# Information shown
• • •

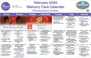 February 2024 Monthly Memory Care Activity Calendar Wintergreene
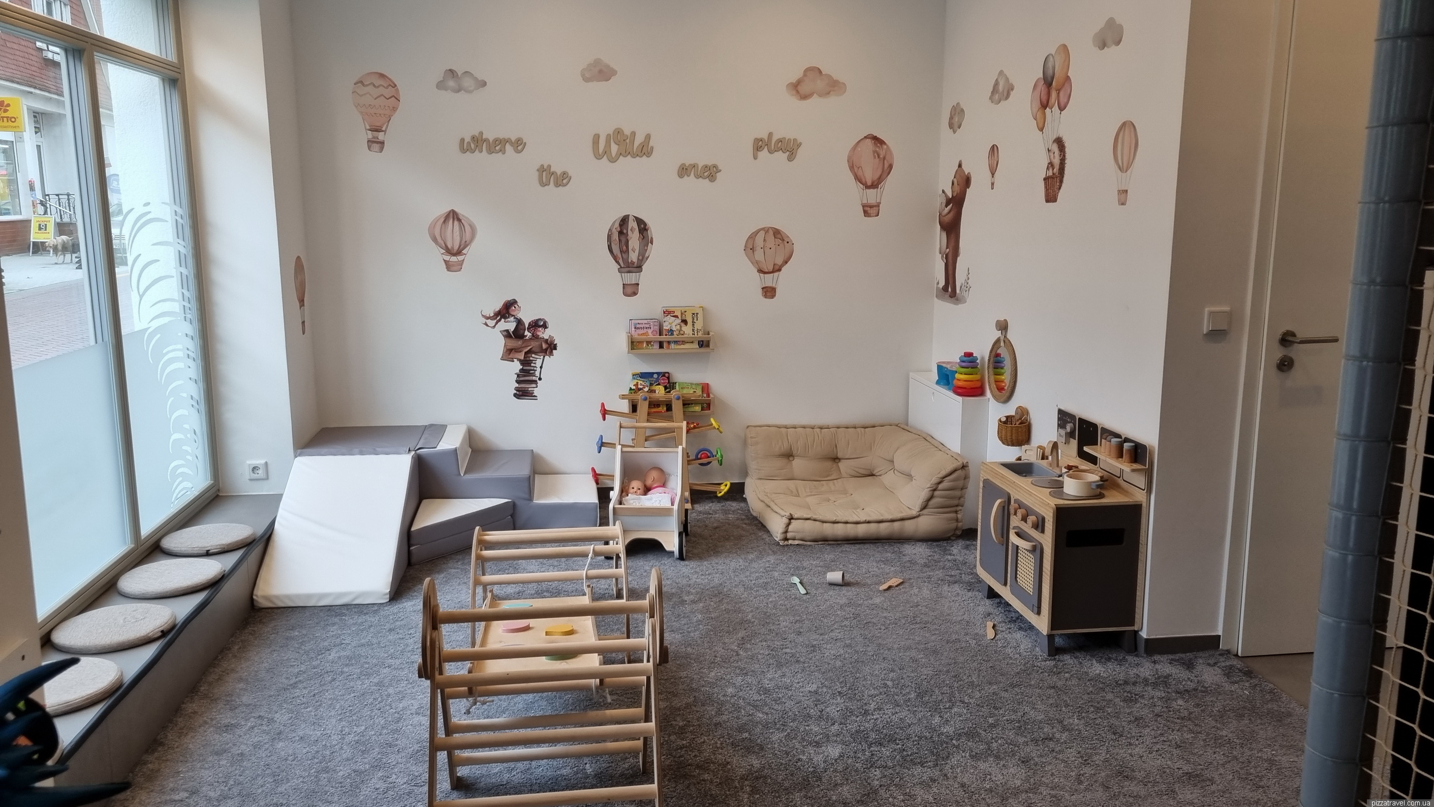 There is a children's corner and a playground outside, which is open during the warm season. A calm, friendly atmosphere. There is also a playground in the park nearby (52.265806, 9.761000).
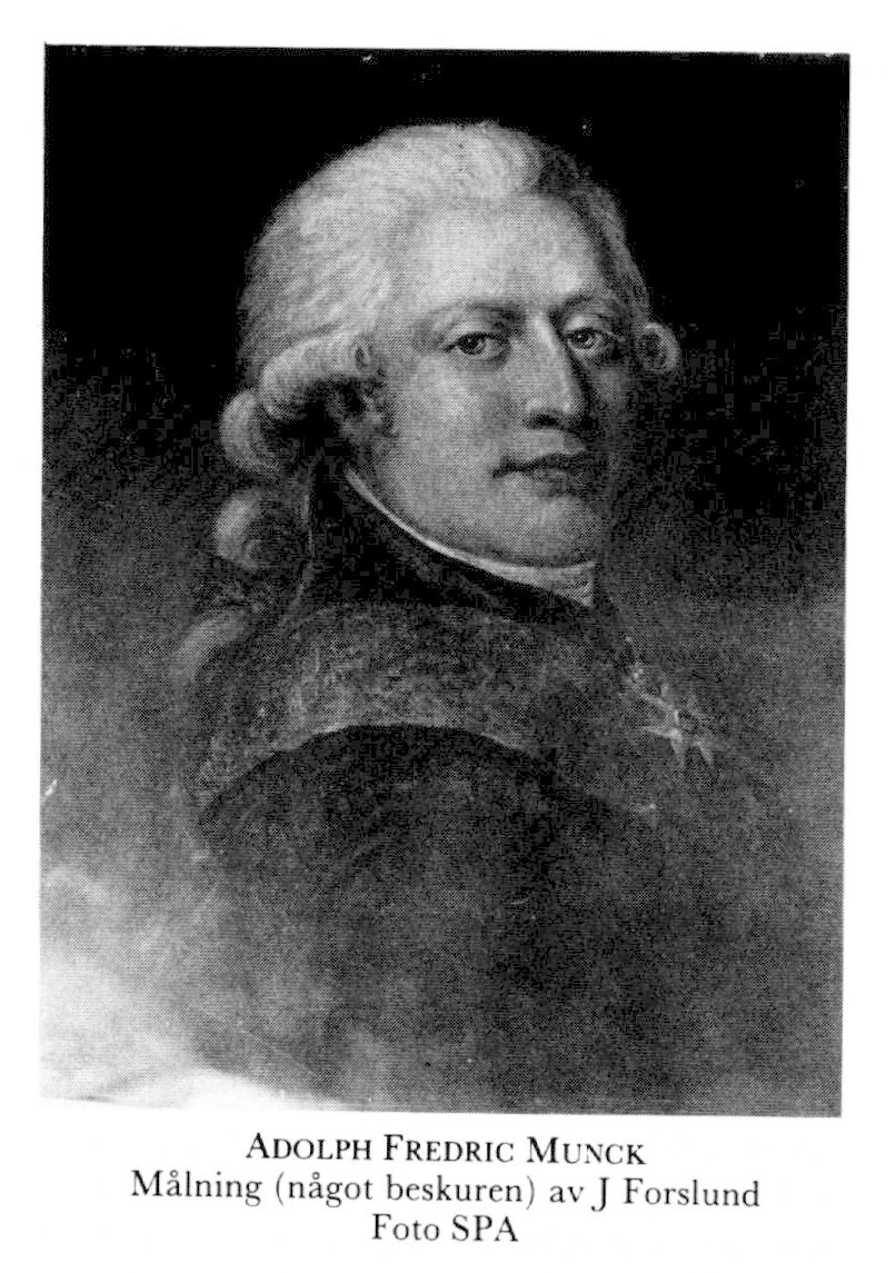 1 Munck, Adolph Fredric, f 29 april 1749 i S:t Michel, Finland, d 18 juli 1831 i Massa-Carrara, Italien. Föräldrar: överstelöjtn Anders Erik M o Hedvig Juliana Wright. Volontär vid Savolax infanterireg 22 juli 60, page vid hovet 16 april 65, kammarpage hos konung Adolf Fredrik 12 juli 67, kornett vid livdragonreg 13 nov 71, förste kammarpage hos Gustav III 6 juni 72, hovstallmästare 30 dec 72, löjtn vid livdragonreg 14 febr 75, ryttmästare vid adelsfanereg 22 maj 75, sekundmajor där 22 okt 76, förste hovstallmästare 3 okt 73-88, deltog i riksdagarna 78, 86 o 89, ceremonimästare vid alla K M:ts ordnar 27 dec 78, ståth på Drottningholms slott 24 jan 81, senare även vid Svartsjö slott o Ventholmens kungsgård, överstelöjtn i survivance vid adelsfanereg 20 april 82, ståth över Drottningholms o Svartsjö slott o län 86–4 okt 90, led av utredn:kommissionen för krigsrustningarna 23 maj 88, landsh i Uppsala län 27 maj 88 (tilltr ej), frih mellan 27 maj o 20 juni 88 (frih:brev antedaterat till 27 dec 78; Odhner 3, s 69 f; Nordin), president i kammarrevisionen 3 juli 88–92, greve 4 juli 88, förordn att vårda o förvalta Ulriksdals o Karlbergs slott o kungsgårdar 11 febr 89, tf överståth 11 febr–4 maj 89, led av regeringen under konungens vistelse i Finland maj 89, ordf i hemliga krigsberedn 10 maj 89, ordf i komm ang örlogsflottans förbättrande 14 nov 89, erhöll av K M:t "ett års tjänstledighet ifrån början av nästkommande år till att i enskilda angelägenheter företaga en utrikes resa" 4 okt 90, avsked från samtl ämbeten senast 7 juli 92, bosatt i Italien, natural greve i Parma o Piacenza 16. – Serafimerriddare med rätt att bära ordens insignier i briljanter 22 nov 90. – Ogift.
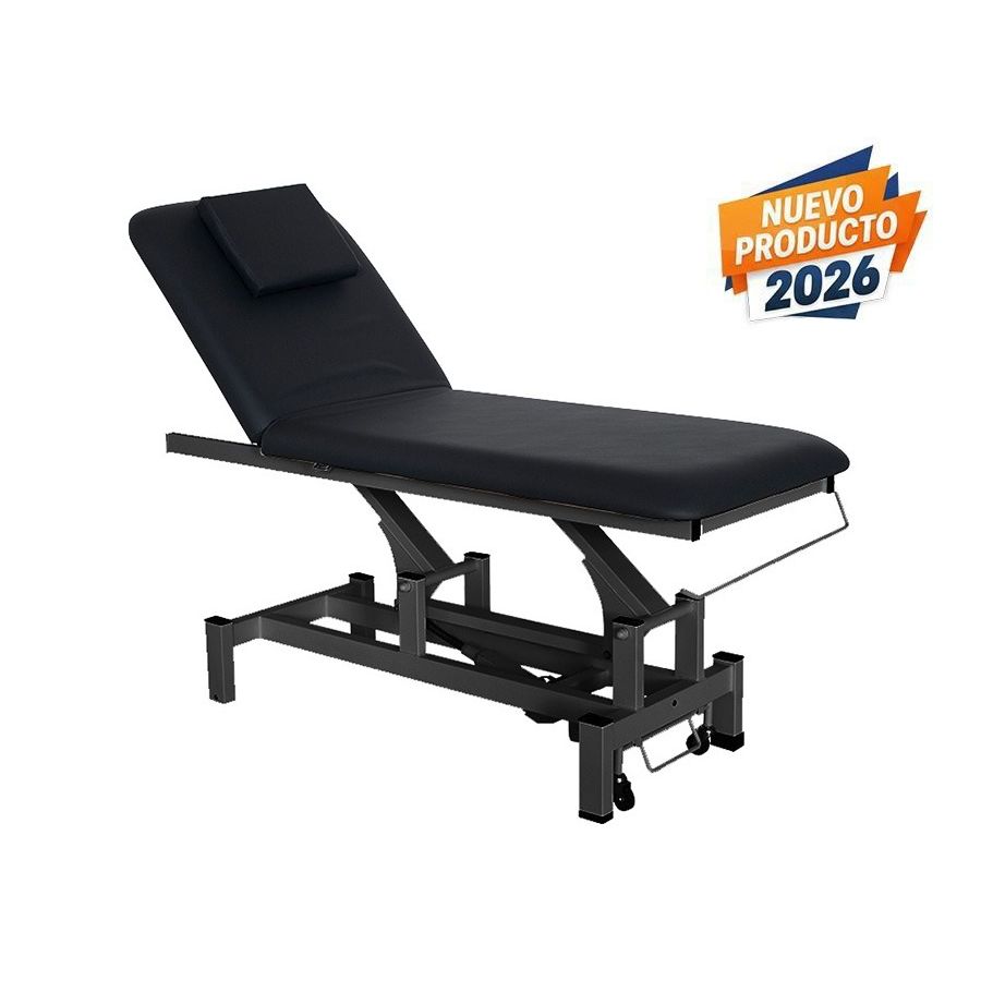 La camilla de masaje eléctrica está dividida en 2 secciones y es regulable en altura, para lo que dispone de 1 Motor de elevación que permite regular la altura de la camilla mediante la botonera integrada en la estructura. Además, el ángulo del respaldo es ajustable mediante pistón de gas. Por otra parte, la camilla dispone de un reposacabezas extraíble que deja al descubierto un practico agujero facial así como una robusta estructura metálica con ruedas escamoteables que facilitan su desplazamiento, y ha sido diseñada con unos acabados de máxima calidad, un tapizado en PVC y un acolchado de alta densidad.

• • •

# Work instructions
Take the lines from the start of the listing above through the line with "There is a children's", both ends included, and copy them exactly, leaving the pictures behind.

# Task solution
 February 2024 Monthly Memory Care Activity Calendar Wintergreene
 There is a children's corner and a playground outside, which is open during the warm season. A calm, friendly atmosphere. There is also a playground in the park nearby (52.265806, 9.761000).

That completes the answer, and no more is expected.